EXERCISE>
The lines to return are those from the line holding "This font is" through the last line of the entries below, both included, written exactly and without pictures.

= = = = = = =

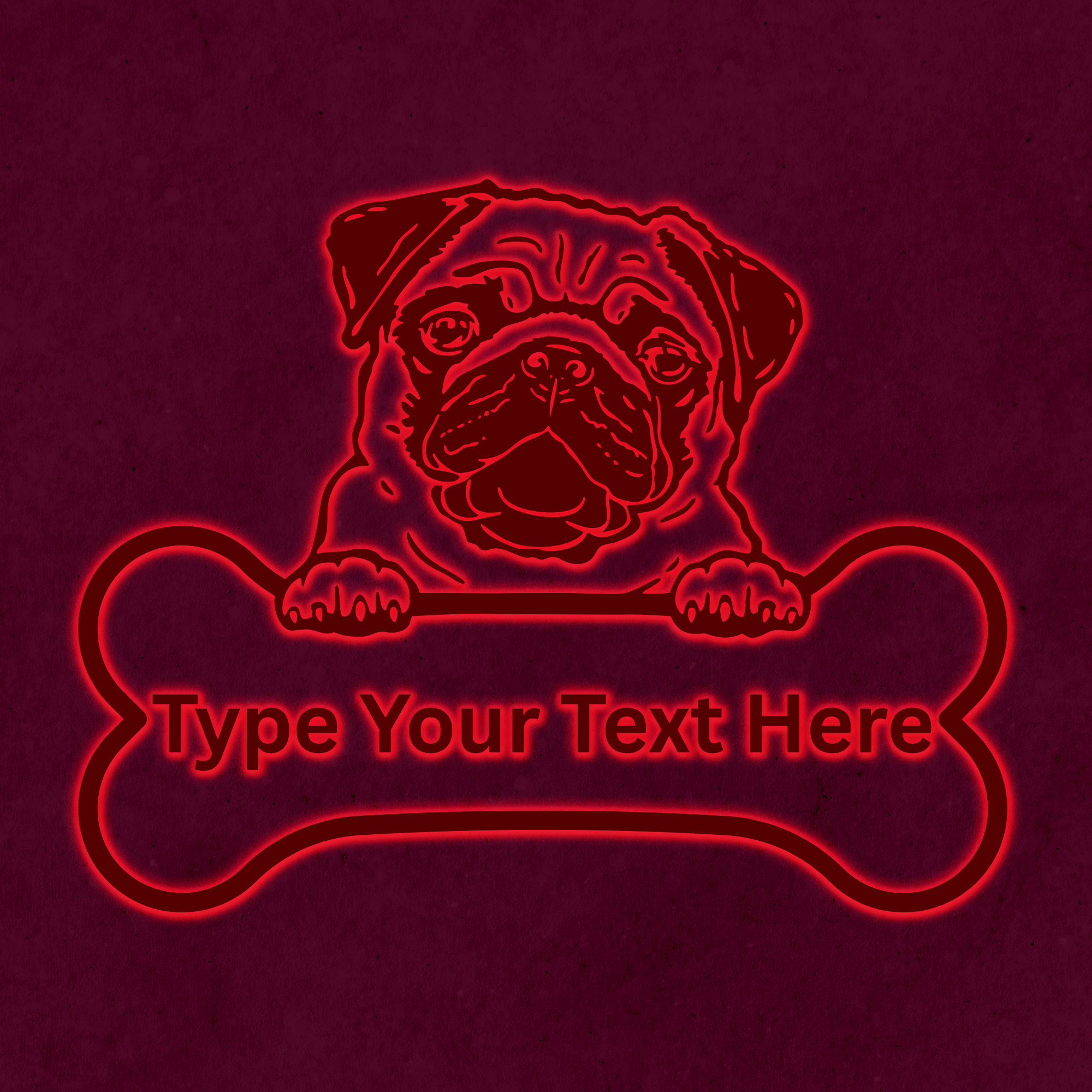 Light up your love for pugs with our Personalized LED Pug Bone Sign!
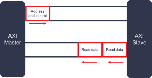 然后,此地址的数据通过读数据通道 (Read data channel) 从从设备发送到主设备。
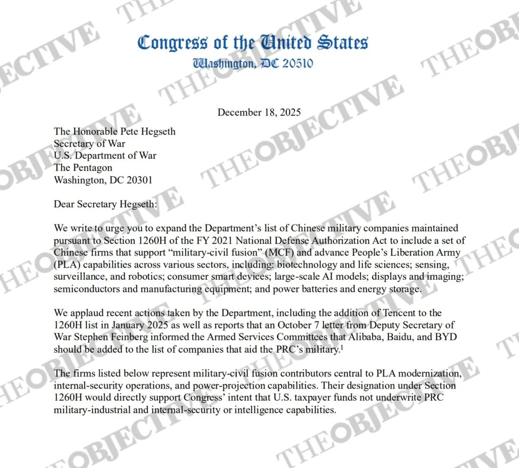 La carta de los congresistas estadounidenses, a la que ha tenido acceso THE OBJECTIVE, está firmada por miembros del comité de China, de Inteligencia, de Seguridad Nacional, de Asuntos Exteriores y del subcomité de la NSA. algunas de las principales entidades políticas de Estados Unidos en materia de seguridad nacional. El aviso fue remitido el pasado 18 de diciembre al secretario de Guerra de Donald Trump, Pete Hegseth.
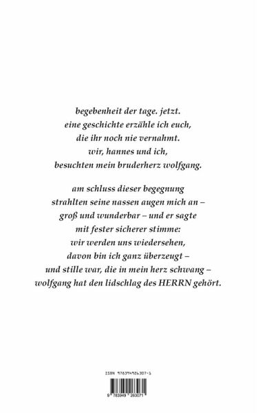begebenheit der tage. jetzt.eine geschichte erzähle ich euch, die ihr noch nie vernahmt. wir, hannes und ich, besuchten mein bruderherz wolfgang.am schluss dieser begegnung strahlten seine nassen augen mich an - groß und wunderbar - und er sagte mit fester sicherer stimme: wir werden uns wiedersehen, davon bin ich ganz überzeugt - und stille war, die in mein herz schwang - wolfgang hat den lidschlag des HERRN gehört.
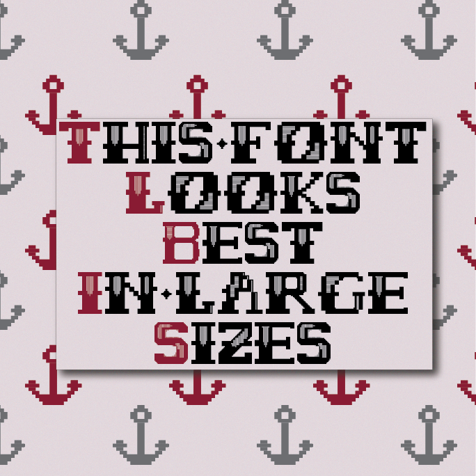 This font is a bold, pixilated typeface. Inspired by classic 8-bit aesthetics combined with traditional tattoo lettering. Perfect for gaming titles, branding, posters and digital artwork. 8bit Sailor stands out in larger sizes, making it great for attention grabbing headlines and logos!
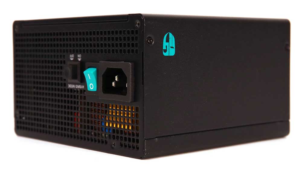 The punched fan grille is not restrictive but could be larger for better airflow. The unit’s dimensions are compact, with only 140mm depth. At the front side, you can find the AC receptacle and the power switch, and around the back, the modular panel hosts ten sockets, including a native 12V-2×6.
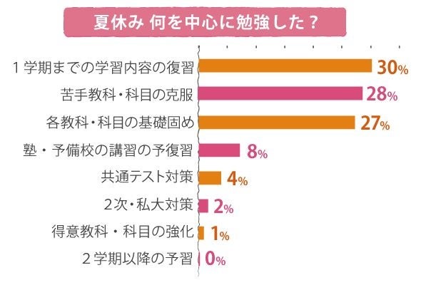 夏休みは志望校の過去問に挑戦、と思う人もいるかもしれませんが、ちょっと待って! その前に「基礎固めができているか」「苦手科目がないか」を確認しましょう。先輩のアンケートでも、夏に取り組んだことの上位は、今までの復習や苦手科目の克服、基礎固めとなっています。

= = = = = = =

ANSWER SPACE>
 This font is a bold, pixilated typeface. Inspired by classic 8-bit aesthetics combined with traditional tattoo lettering. Perfect for gaming titles, branding, posters and digital artwork. 8bit Sailor stands out in larger sizes, making it great for attention grabbing headlines and logos!
 The punched fan grille is not restrictive but could be larger for better airflow. The unit’s dimensions are compact, with only 140mm depth. At the front side, you can find the AC receptacle and the power switch, and around the back, the modular panel hosts ten sockets, including a native 12V-2×6.
 夏休みは志望校の過去問に挑戦、と思う人もいるかもしれませんが、ちょっと待って! その前に「基礎固めができているか」「苦手科目がないか」を確認しましょう。先輩のアンケートでも、夏に取り組んだことの上位は、今までの復習や苦手科目の克服、基礎固めとなっています。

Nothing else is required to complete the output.